Department of Computer Science and Electrical Engineering, Kumamoto University, Kumamoto 860-8555, Japan.
Machine Intelligence Laboratory, National University of Mongolia, Ulaanbaatar 14201, Mongolia.
Sensors (Basel). 2020 Oct 26;20(21):6077. doi: 10.3390/s20216077.
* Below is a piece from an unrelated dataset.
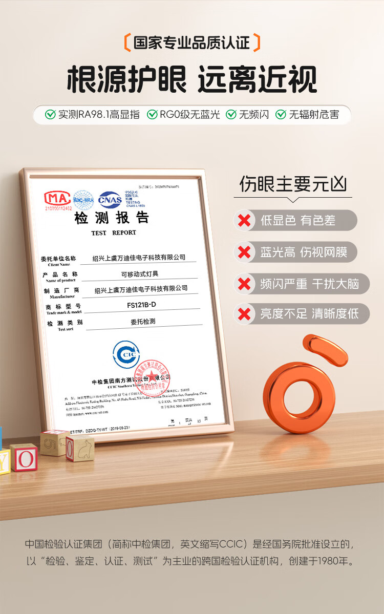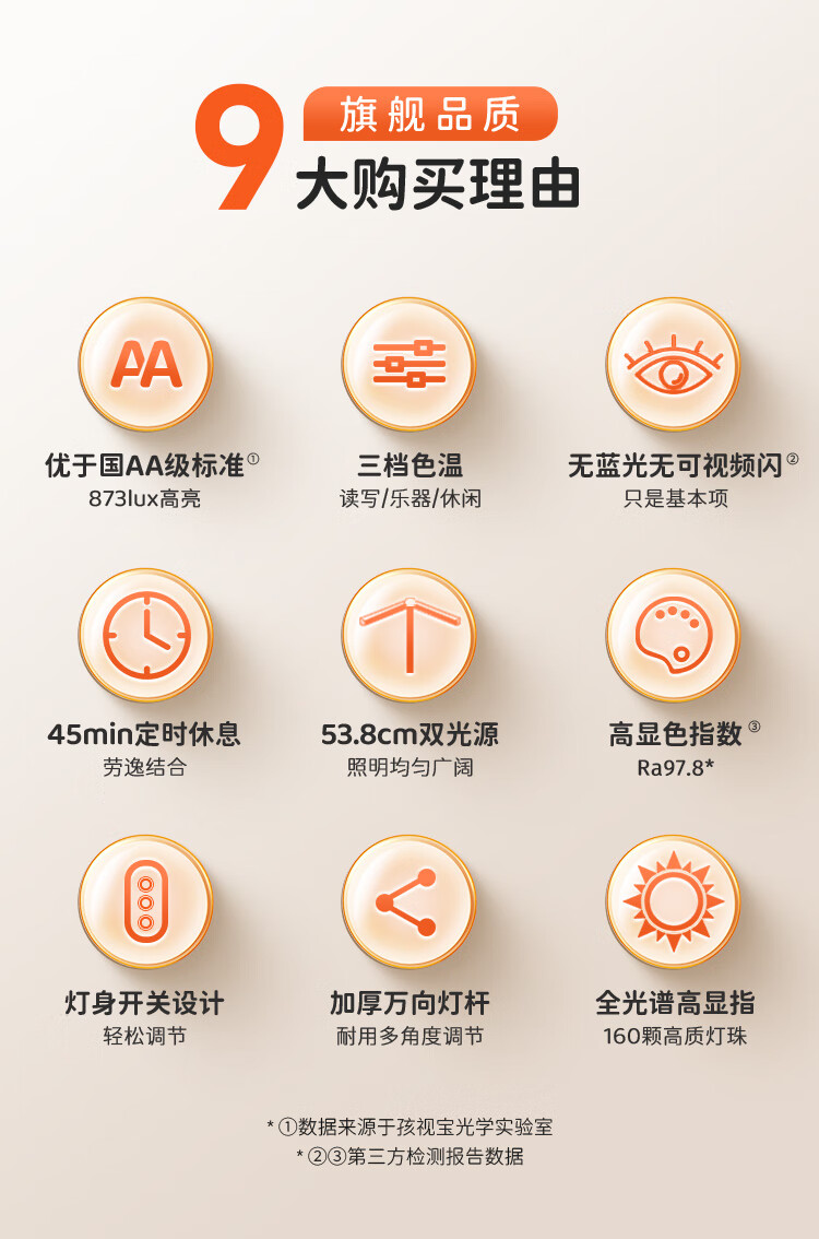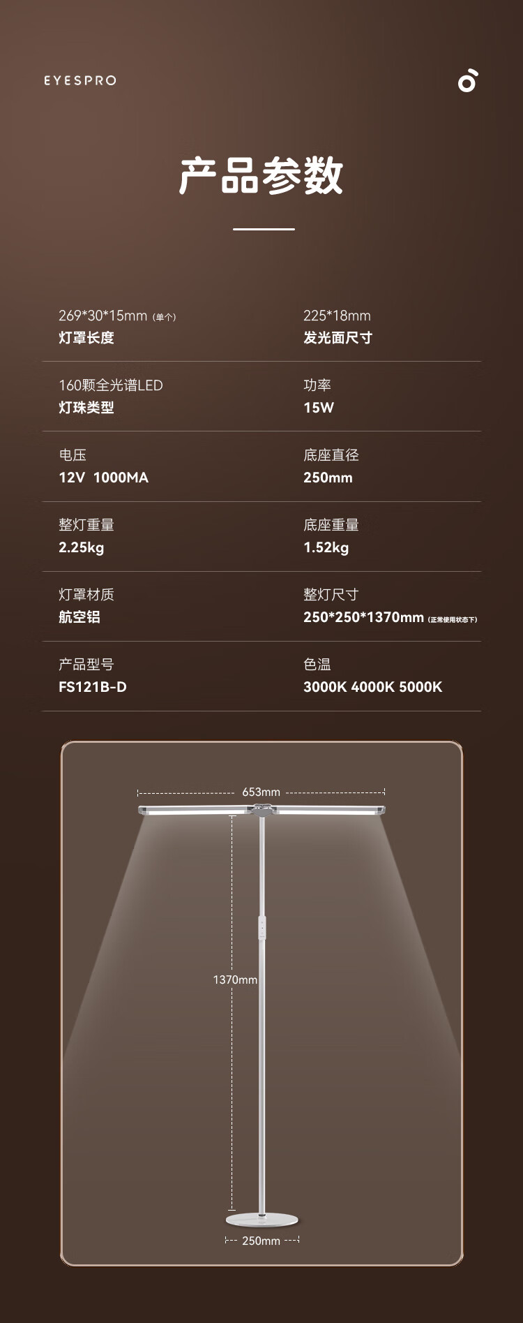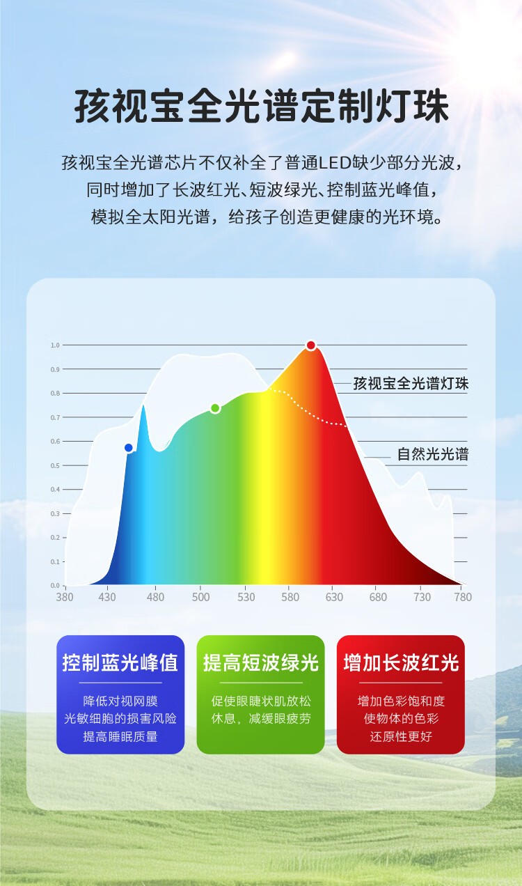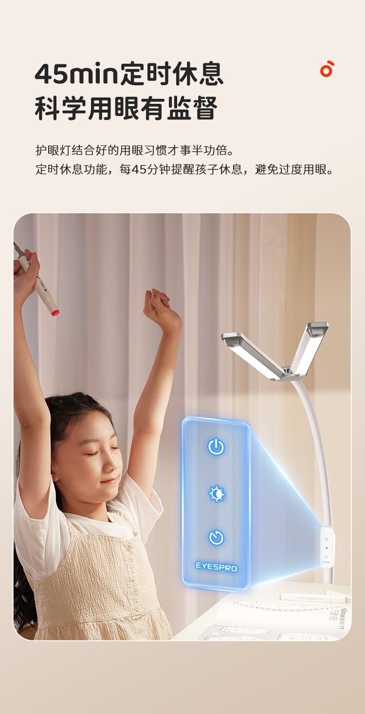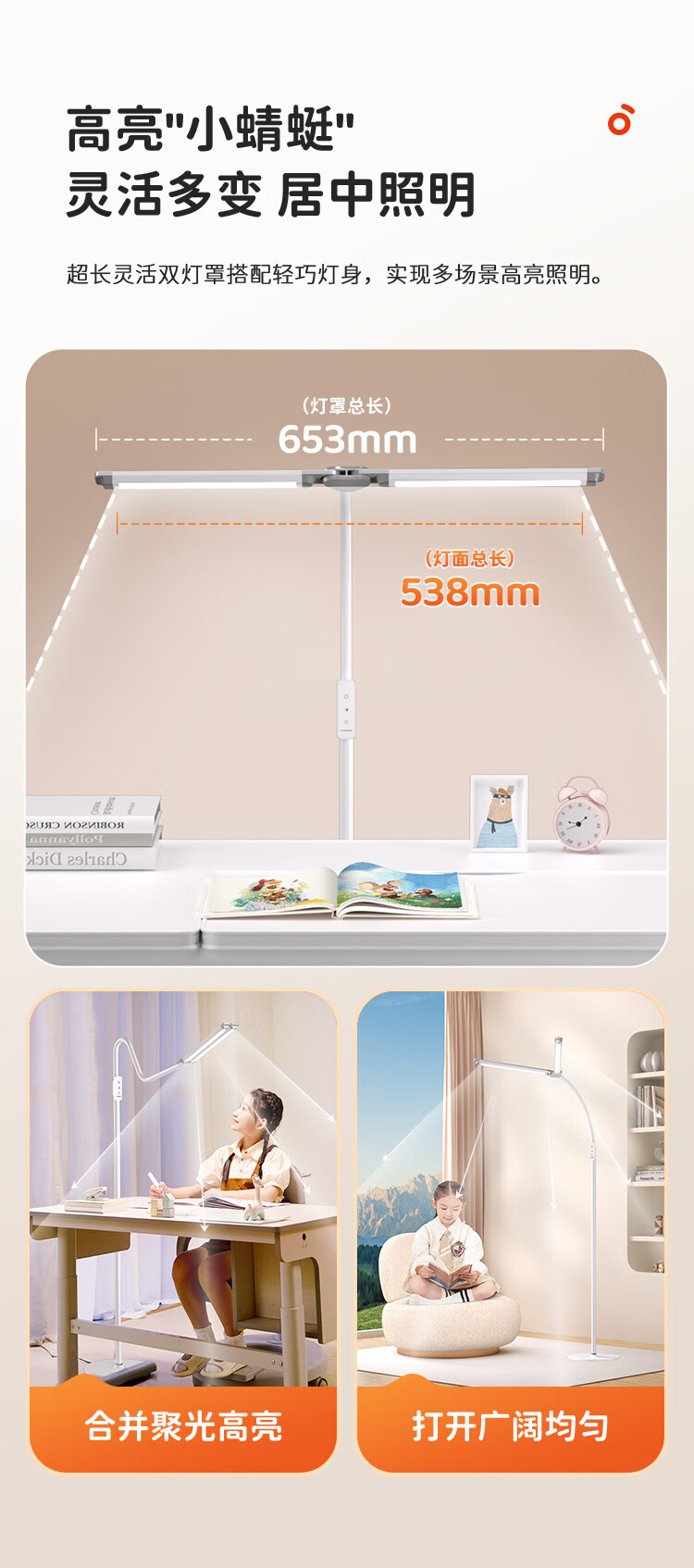 孩视宝全光谱led护眼落地台灯儿童学生钢琴灯客厅卧室立式阅读床头台灯 【超长66.7CM光源】FH709A

In recent years, many researchers have shown increasing interest in music information retrieval (MIR) applications, with automatic chord recognition being one of the popular tasks. Many studies have achieved/demonstrated considerable improvement using deep learning based models in automatic chord recognition problems. However, most of the existing models have focused on simple chord recognition, which classifies the root note with the major, minor, and seventh chords. Furthermore, in learning-based recognition, it is critical to collect high-quality and large amounts of training data to achieve the desired performance. In this paper, we present a multi-task learning (MTL) model for a guitar chord recognition task, where the model is trained using a relatively large-vocabulary guitar chord dataset. To solve data scarcity issues, a physical data augmentation method that directly records the chord dataset from a robotic performer is employed. Deep learning based MTL is proposed to improve the performance of automatic chord recognition with the proposed physical data augmentation dataset. The proposed MTL model is compared with four baseline models and its corresponding single-task learning model using two types of datasets, including a human dataset and a human combined with the augmented dataset. The proposed methods outperform the baseline models, and the results show that most scores of the proposed multi-task learning model are better than those of the corresponding single-task learning model. The experimental results demonstrate that physical data augmentation is an effective method for increasing the dataset size for guitar chord recognition tasks.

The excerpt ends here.